■ **What to produce**
Please return exactly the lines below that run from the line with "маршрути польоту наших" through the end of the listing, both included, but not the pictures.

Start of Data extract

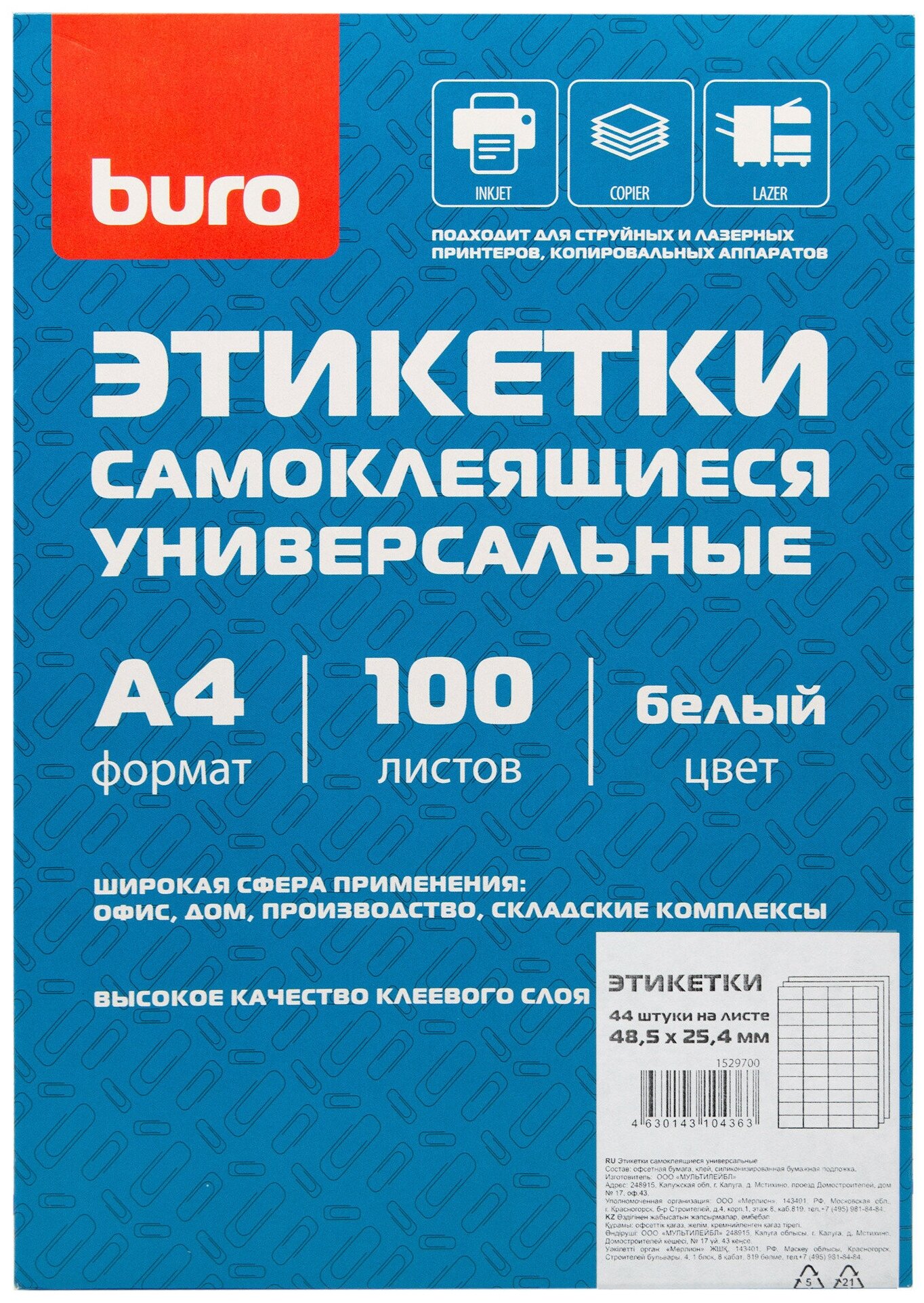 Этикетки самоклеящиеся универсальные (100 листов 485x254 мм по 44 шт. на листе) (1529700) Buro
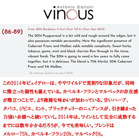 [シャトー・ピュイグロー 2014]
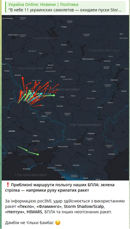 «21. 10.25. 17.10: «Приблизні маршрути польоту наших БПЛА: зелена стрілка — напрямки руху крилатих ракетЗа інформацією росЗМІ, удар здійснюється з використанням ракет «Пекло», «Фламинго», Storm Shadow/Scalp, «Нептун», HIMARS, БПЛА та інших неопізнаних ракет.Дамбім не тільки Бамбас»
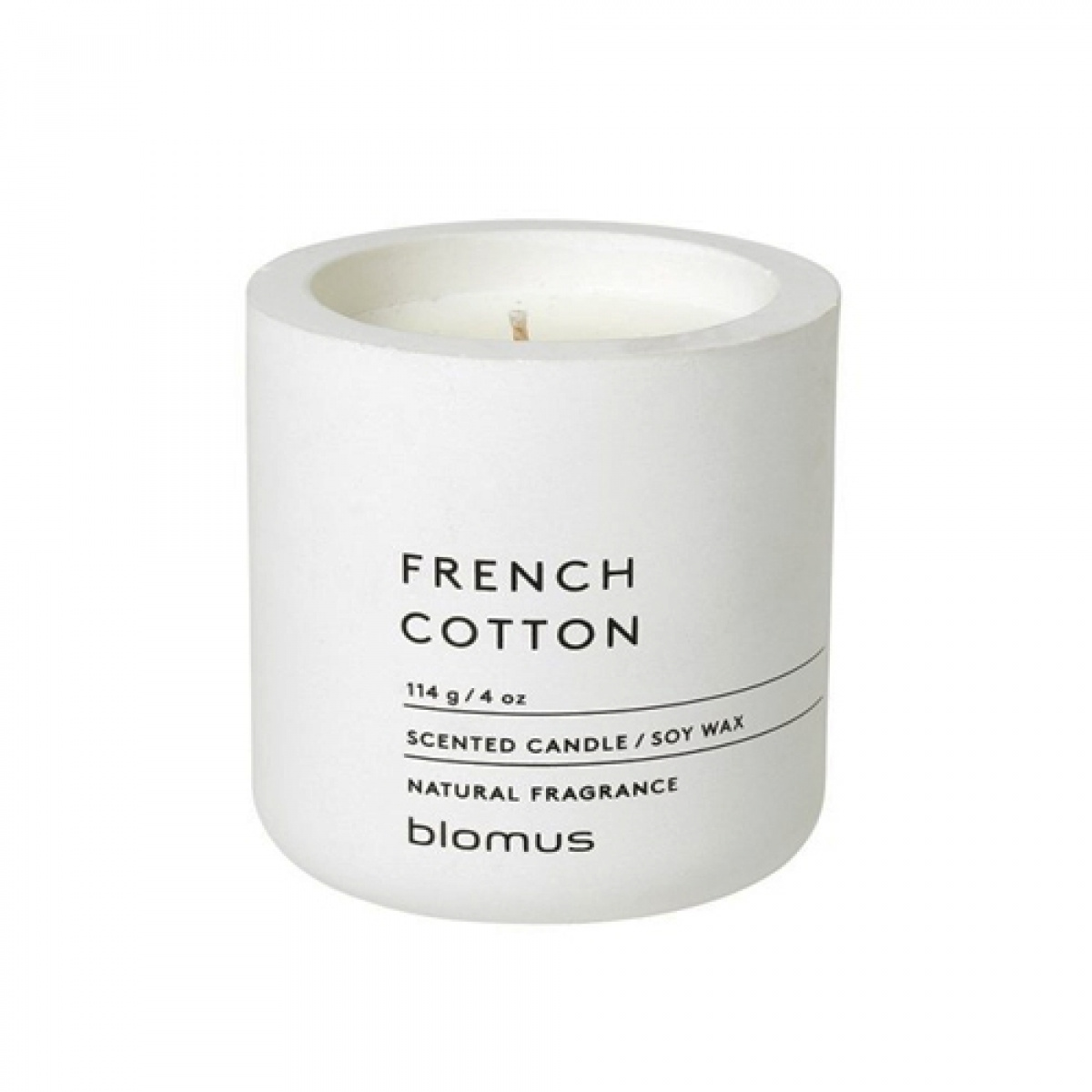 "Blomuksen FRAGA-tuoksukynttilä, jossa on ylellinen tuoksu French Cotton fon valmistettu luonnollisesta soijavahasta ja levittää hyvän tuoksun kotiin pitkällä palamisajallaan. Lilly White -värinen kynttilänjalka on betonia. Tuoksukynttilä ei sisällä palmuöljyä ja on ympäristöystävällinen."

End of Data extract

■ **Output of the exercise**
 «21. 10.25. 17.10: «Приблизні маршрути польоту наших БПЛА: зелена стрілка — напрямки руху крилатих ракетЗа інформацією росЗМІ, удар здійснюється з використанням ракет «Пекло», «Фламинго», Storm Shadow/Scalp, «Нептун», HIMARS, БПЛА та інших неопізнаних ракет.Дамбім не тільки Бамбас»
 "Blomuksen FRAGA-tuoksukynttilä, jossa on ylellinen tuoksu French Cotton fon valmistettu luonnollisesta soijavahasta ja levittää hyvän tuoksun kotiin pitkällä palamisajallaan. Lilly White -värinen kynttilänjalka on betonia. Tuoksukynttilä ei sisällä palmuöljyä ja on ympäristöystävällinen."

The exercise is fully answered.